▶ [TASK INSTRUCTIONS]
From the data below, set down exactly the lines between the one holding "美式复古立体花朵刺绣连帽卫衣女春秋潮牌宽松休闲小个子百搭上衣" and the one holding "i menneskelige relationer.", inclusive, and no others.

··· SOURCE RECORDS

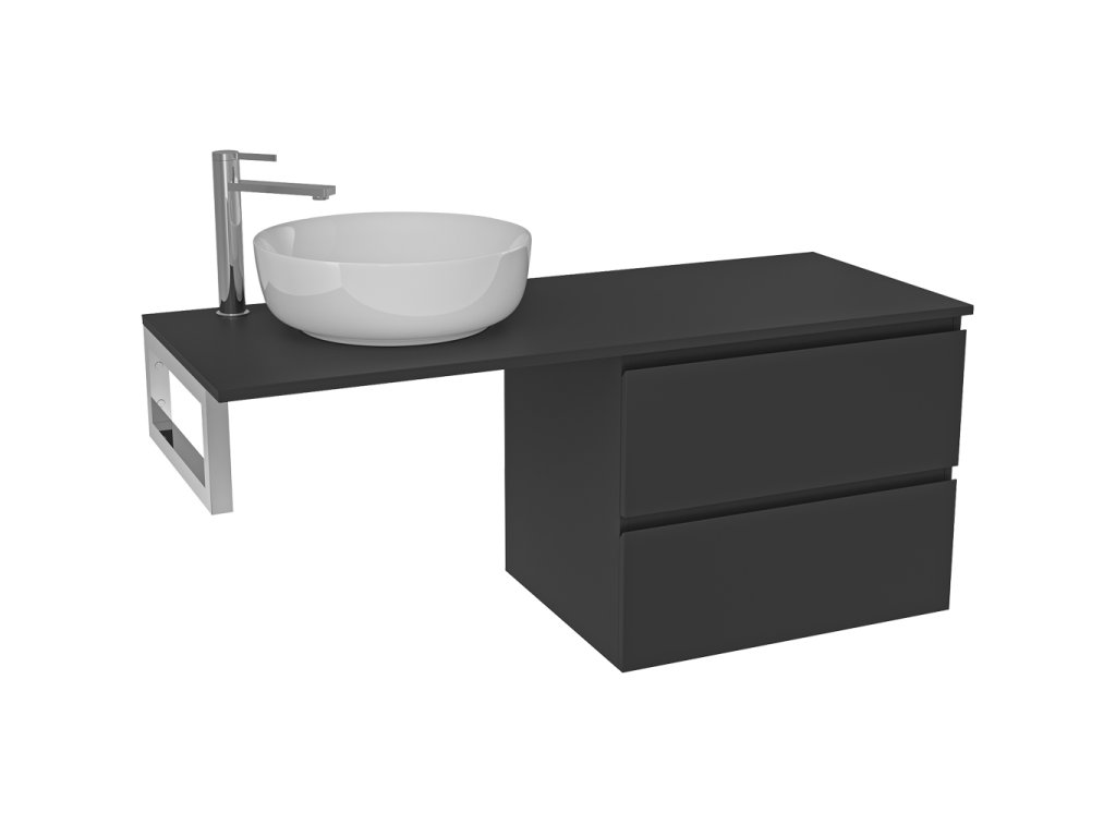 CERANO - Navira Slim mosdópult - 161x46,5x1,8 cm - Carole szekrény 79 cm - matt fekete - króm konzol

······
··· SOURCE RECORDS

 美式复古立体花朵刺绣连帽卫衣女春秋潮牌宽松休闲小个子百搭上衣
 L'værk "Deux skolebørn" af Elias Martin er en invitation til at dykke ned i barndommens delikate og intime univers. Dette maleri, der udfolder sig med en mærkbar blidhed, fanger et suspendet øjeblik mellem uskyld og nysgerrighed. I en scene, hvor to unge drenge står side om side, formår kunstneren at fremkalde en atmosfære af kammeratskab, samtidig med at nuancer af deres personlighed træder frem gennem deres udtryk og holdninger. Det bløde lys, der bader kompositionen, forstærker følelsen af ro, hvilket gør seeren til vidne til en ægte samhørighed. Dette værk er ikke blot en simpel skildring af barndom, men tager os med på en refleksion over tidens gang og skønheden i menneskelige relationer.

······

▶ [TASK ANSWER]
 美式复古立体花朵刺绣连帽卫衣女春秋潮牌宽松休闲小个子百搭上衣
 L'værk "Deux skolebørn" af Elias Martin er en invitation til at dykke ned i barndommens delikate og intime univers. Dette maleri, der udfolder sig med en mærkbar blidhed, fanger et suspendet øjeblik mellem uskyld og nysgerrighed. I en scene, hvor to unge drenge står side om side, formår kunstneren at fremkalde en atmosfære af kammeratskab, samtidig med at nuancer af deres personlighed træder frem gennem deres udtryk og holdninger. Det bløde lys, der bader kompositionen, forstærker følelsen af ro, hvilket gør seeren til vidne til en ægte samhørighed. Dette værk er ikke blot en simpel skildring af barndom, men tager os med på en refleksion over tidens gang og skønheden i menneskelige relationer.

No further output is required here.